About 80 percent of the $13 billion the program has spent so far has come from the state of California, according to California High-Speed Rail Authority spokesperson Carol Dahmen. The estimated total cost for the program is now $106 billion, and it expects to begin operating between 2030 and 2033. Of the 494 miles of planned track, 171 miles are under design or construction and 463 miles have been cleared through the state’s required environmental impact review process, with approval expected for the last stretch from Anaheim to Los Angeles later this year. 

Even as the Trump DOT casts doubt on the viability of public high-speed rail, it appears to be promoting the role private companies can play in the industry.

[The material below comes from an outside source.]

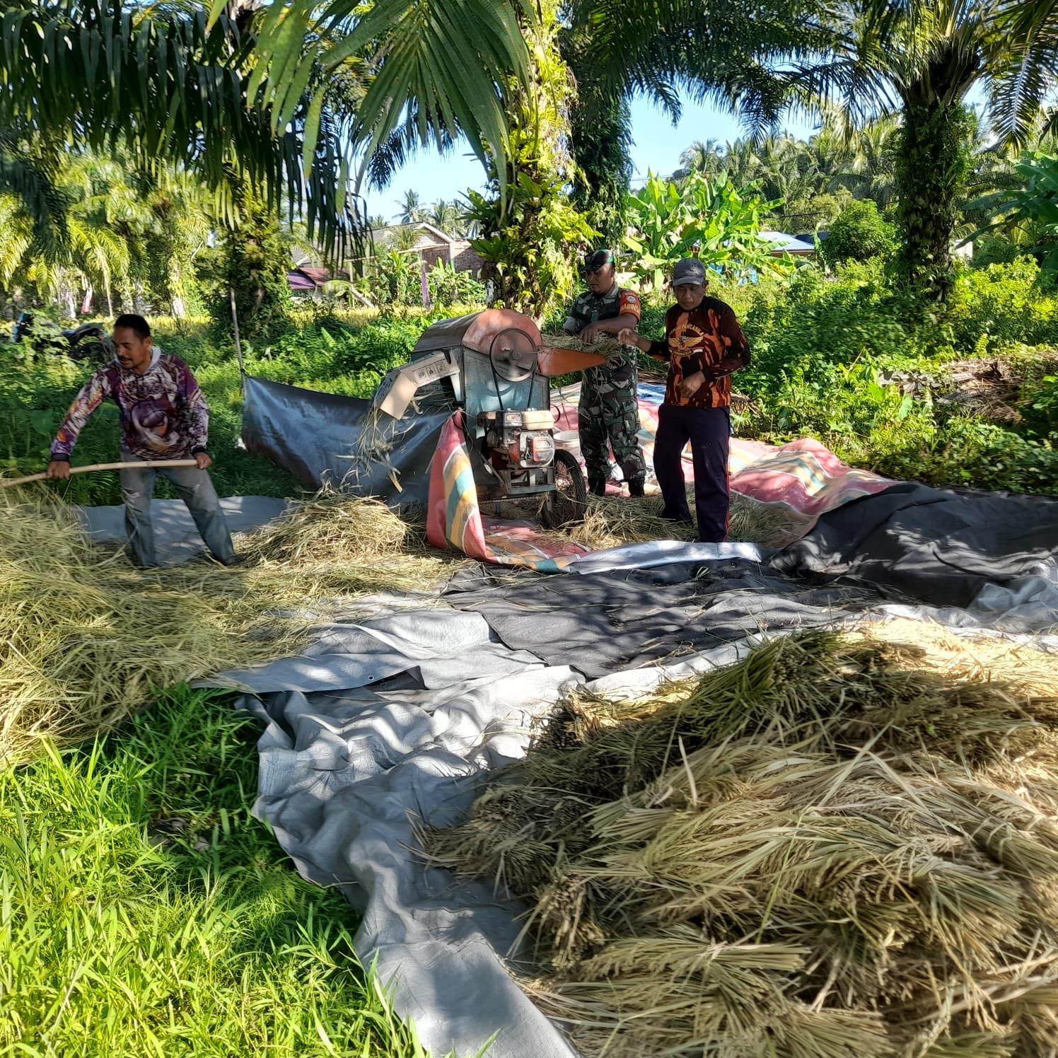 Babinsa terlihat aktif membantu menggunakan alat perontok padi yang dimiliki warga. Dengan semangat gotong royong, ia bersama petani setempat menyelesaikan pekerjaan dengan cepat dan efisien. Kehadiran Babinsa tidak hanya meringankan beban para petani, tetapi juga memberikan motivasi untuk meningkatkan hasil pertanian di masa depan.

In the press release, the department called the Brightline West project, a private high-speed rail project from Los Angeles to Las Vegas expected to begin running in 2028, “impressive.” 

Rick Harnish, executive director at the high-speed rail advocacy nonprofit High Speed Rail Alliance, said Brightline is a good example of how high-speed rail can work — and emphasized that even private infrastructure projects are rarely entirely privately financed. “It fits the Tesla model a lot better, where it looks like a private company, but it’s in large part federally funded,” he said. Brightline West received a $3 billion grant from the Federal Railroad Administration in September. 

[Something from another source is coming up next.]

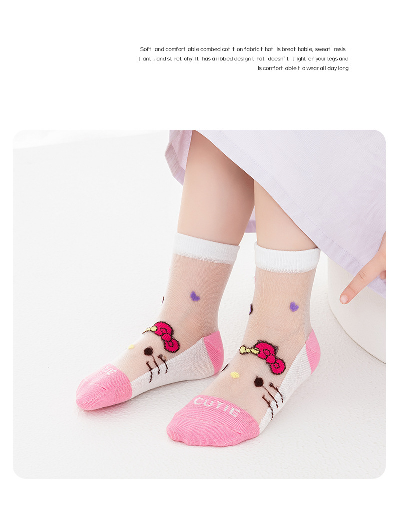 투명한 유리 실크 소녀 양말 여름 경량 만화 아기 중간 튜브 양말 달콤한 귀여운 소녀 공주 양말 유행
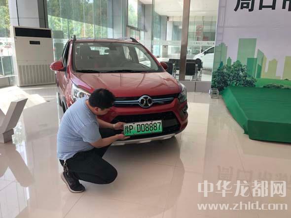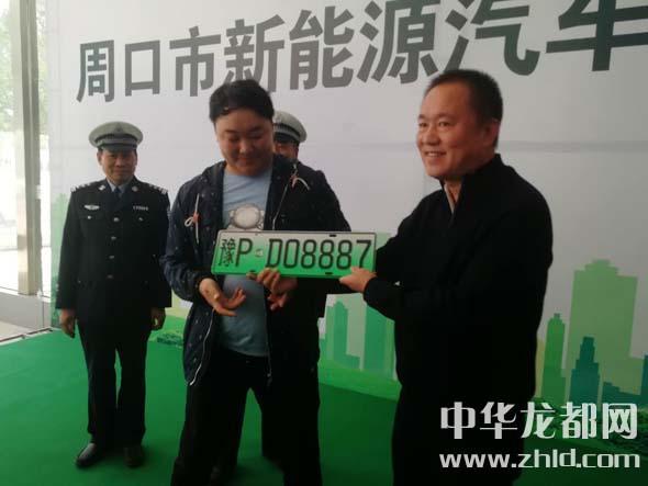 中華龍都網(wǎng)訊(周口報(bào)業(yè)全媒體記者 姬慧洋 陳永團(tuán) 文/圖)4月10日上午10時(shí),在市區(qū)太清路與昆侖路交叉口附近,我市新能源汽車號牌發(fā)放儀式啟動,在啟動儀式上周口市公安局交通管理支隊(duì)支隊(duì)長謝偉親手將“豫PD08887”這副新能源汽車號牌送到車主張磊的手中。據(jù)介紹,為了能夠盡早選到自己心儀的號牌,家住市區(qū)漢陽路附近的張磊一大早就趕到了位于建設(shè)大道與周口大道交叉口周口幼師北門附近的萬達(dá)便民服務(wù)站,在現(xiàn)場通過“50選1”的號牌選擇方式,喜獲自己心儀的號牌。

Despite the seemingly bleak outlook for climate-friendly projects under the Trump administration, some experts see this as a galvanizing moment for states like California and New York to reconsider their transportation policy. Corrigan Salerno, a policy manager at the advocacy group Transportation for America, said states have the tools to introduce more climate friendly transportation policies. For instance, Colorado and Minnesota have implemented policies designed to reduce highway building and boost investment in public transit, biking, and walking in recent years.  

“I think the Trump administration represents a major setback for climate, but I don’t think it’s a death blow,” he said. “The federal government does not provide the majority of investments in transportation in the United States, and at the end of the day, the fight is in the states.”